I'll try to see if I can skip the intro by saving the memory state.

What kind of % improvement do you need vs the current speed?
Should I only optimize the tiles version?

from gym-super-mario.

gabegrand avatar gabegrand commented on August 11, 2024

Currently, it takes approx. 4500s = 75 mins to train 100 iterations on World 1-3. That particular level has a cliff right at the beginning, so Mario usually dies very quickly, which means that the training speed we achieved of 45s / iteration on that level is probably a best case scenario. In order to make it serviceable, we'd ideally like to see a 10x increase in training speed, which would allow us to get close to 1000 iterations per hour. We would need that kind of speed in order to test out different combinations of hyperparameters of our model.

We're only using the tiles version, so from our perspective, it's fine if you'd like to focus on optimizing that. Thank you again for your efforts.

from gym-super-mario.

ppaquette avatar ppaquette commented on August 11, 2024

I should have something ready by Tuesday or Wednesday.

from gym-super-mario.

ppaquette avatar ppaquette commented on August 11, 2024

OpenAI released 'Universe' today, a way to convert any game to a gym env through a docker container (communication is done through VNC).

I'll do a quick patch for you, but I'll probably need to make this env compatible with Universe in the future

Universe also has a A3C (asynchronous advantage actor-critic) learning algo available that can be run across a cluster. (see https://github.com/openai/universe-starter-agent).

from gym-super-mario.

ppaquette avatar ppaquette commented on August 11, 2024

Pushed the fix to the 'gabegrand' branch. Mario is on steroid.

  • The info var now returns an 'iteration' key, that is increased when the level is restarted.
  • You don't need to call reset(), except to first initialize the env
  • To check if Mario has completed the level, check the value of the distance key when the iteration key is increased. The flag pole is 40 'meters' before the castle. The castle distance are here. (e.g. if Mario reaches 2474 (2514 - 40) in level 1-3, he successfully completed the level).

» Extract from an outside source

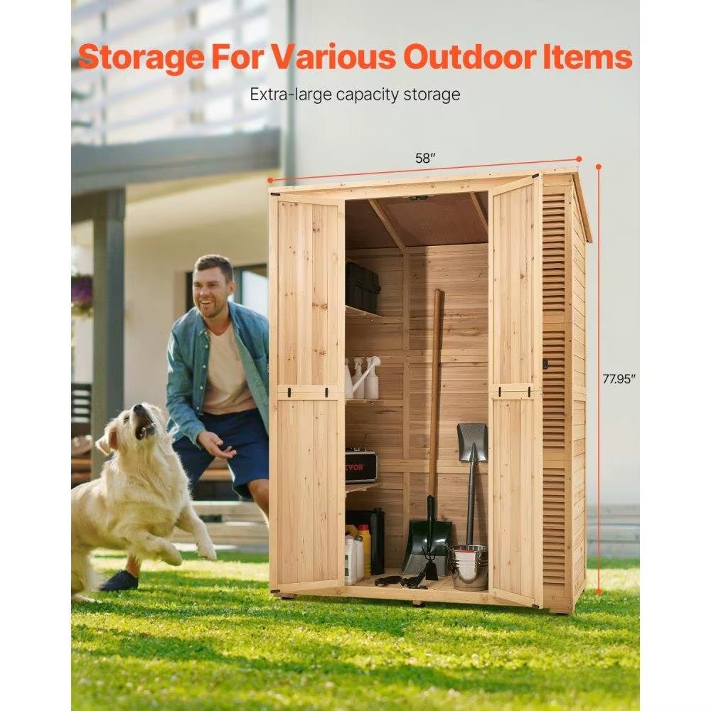 Extra Large 58×78 Inch Waterproof Cedar Wood Outdoor Storage Shed with 4 Shelves & Lock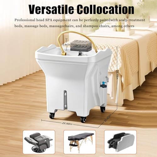 - 【APPLICABLE OCCASIONS】● Japanese head spa machine is a professional spa equipment that integrates shampooing, spa, steam therapy, light therapy, and hair care. It fits beauty salons, massage parlors, health spas, etc. It is also more compatible with most shampooing chairs, beauty chairs, head care beds, and massage beds. It has four fixable universal wheels at the bottom, which can be easily moved to the desired position.

Here is a quick python script that works for me:

import gym
import ppaquette_gym_super_mario

env = gym.make('ppaquette/SuperMarioBros-1-3-Tiles-v0')
env.reset()

curr_iter = 1;
max_iter = 2;
while curr_iter <= max_iter:
    action = env.action_space.sample()
    obs, rew, done, info = env.step(action)
    if (info['iteration'] > curr_iter):
      print('Max Distance Achieved', info['distance'])
      curr_iter = info['iteration'];

env.close()

from gym-super-mario.

gabegrand avatar gabegrand commented on August 11, 2024

Hi Philip, thanks for the fix. I see that the number of lives now starts at 9x, and that the info var / iteration key is behaving as expected. However, I'm still not really seeing an increase in the game speed - it seems to be running at roughly the same speed as before. Are you seeing significant speedup in the framerate on your end?

from gym-super-mario.

ppaquette avatar ppaquette commented on August 11, 2024

I just ran 100 episodes (random actions) on level 1-3, and it took 391.89 seconds (so ~ 900 episodes / hour).

Try running it in a cloud VM and compare it to my benchmark using random actions.

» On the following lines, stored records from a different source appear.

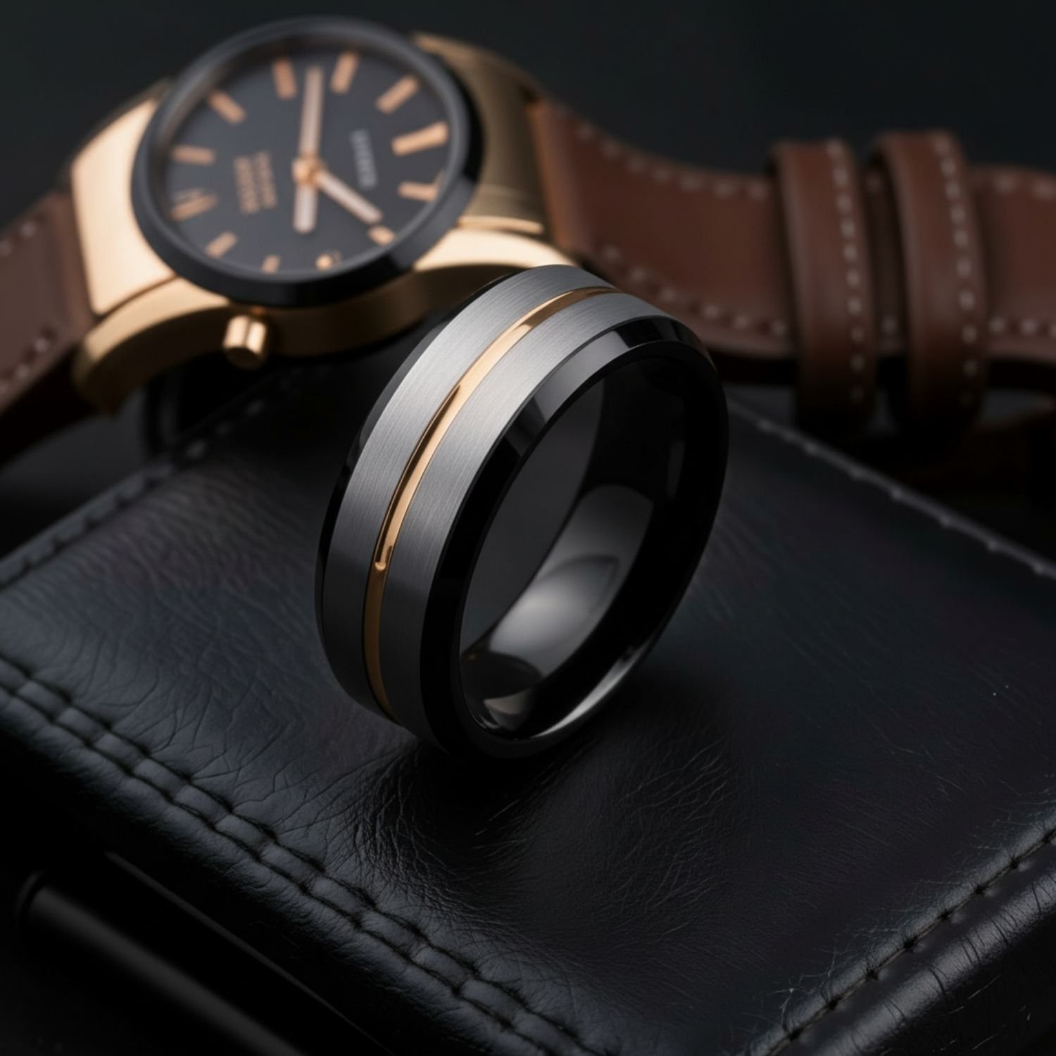 Tungsten carbide is one of the strongest, most scratch-resistant metals available, ensuring The Champion maintains its polished, triple-tone brilliance for years. Its combination of durability and elegance makes it an excellent choice for men’s wedding and fashion rings.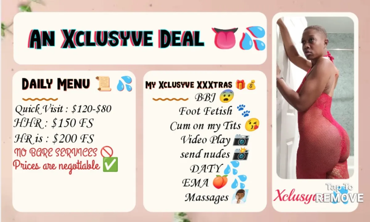 She doesnโt do boring ๐ฉ, she does nasty ๐ฆ. KarysโMa will choke you with pleasure, fuck you with passion, and leave your body shaking ๐ซ like itโs been possessed ๐น. Her service is Severely DANGEROUS ๐จ, unfiltered, and dirty enough to make you confess on Sunday ๐ โช!! Always Discreet! ๐ซฃAlways Clean!! ๐ซงVery Safe!!! ๐๐ฝโIf you cant see Karys'Ma in the time โ your calling her....SHE WONT SEE YOU๐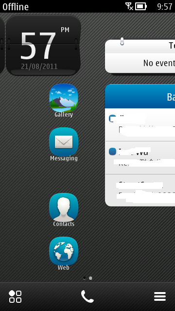 这里可以看到诺基亚在 Belle 抛弃了从最早 S60 以来的界面上方左信号右电量的布局,和其他包括时间、运营商和 Wi-Fi 信息等统统移到顶栏。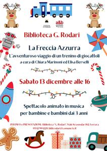 E' ispirato a uno dei più celebri romanzi di Gianni Rodari, lo spettacolo in musica dal titolo "La Freccia Azzurra. L'avventuroso viaggio di un trenino di giocattoli" che sabato 13 dicembre alle 16:00 sarà portato in scena da Chiara Marinoni ed Elisa Berselli alla biblioteca comunale Rodari di Ferrara (viale Krasnodar 102).

  • The game saves an initial state when first loaded, and reloads that state when Mario dies (much faster then killing and restarting fceux at every iteration), which should give roughly 2x increase
  • The game repeats every action for 6 frames (1 processed, 6 repeated - Used to be 1 processed, 1 repeated), which should give roughly 5-6x increase.

from gym-super-mario.

gabegrand avatar gabegrand commented on August 11, 2024

On World 1-3, running on my machine, the script you provided took 910.974s for 100 episodes. That's not quite up to what you recorded, but there is definitely some speedup from the previous version. Also, we no longer have to close and re-open the emulator every time, which is nice.

I have a couple questions / comments about the new code:

  • Previously, we had written our code to duplicate actions for a certain number of frames (otherwise, Mario's behavior is too frantic/jumpy since he is constantly taking actions). However, you mentioned that the game now repeats every action for 6 frames. I'm wondering whether we should now remove this behavior from our code, to avoid repeating actions for too many frames?

  • Does the done variable in obs, rew, done, info = env.step(action) ever return True? Or do we need to just replace all done conditions with if (info['iteration'] > curr_iter)?

  • env.close() seems to be not working. The emulator just beachballs and doesn't close.

from gym-super-mario.

ppaquette avatar ppaquette commented on August 11, 2024
  1. Yes you should remove the skip actions from your code. If you want to adjust the value, just edit this line: https://github.com/ppaquette/gym-super-mario/blob/gabegrand/ppaquette_gym_super_mario/lua/super-mario-bros.lua#L48
  2. done will always be false, since reset() doesn't need to be called. You need to replace all done with info['iteration'] > curr_iter
  3. Just kill the fceux process, or press ctrl c and close it manually

from gym-super-mario.

Related Issues (20)

Recommend Projects

  • React photo React

    A declarative, efficient, and flexible JavaScript library for building user interfaces.

  • Vue.js photo Vue.js

    🖖 Vue.js is a progressive, incrementally-adoptable JavaScript framework for building UI on the web.

  • Typescript photo Typescript

    TypeScript is a superset of JavaScript that compiles to clean JavaScript output.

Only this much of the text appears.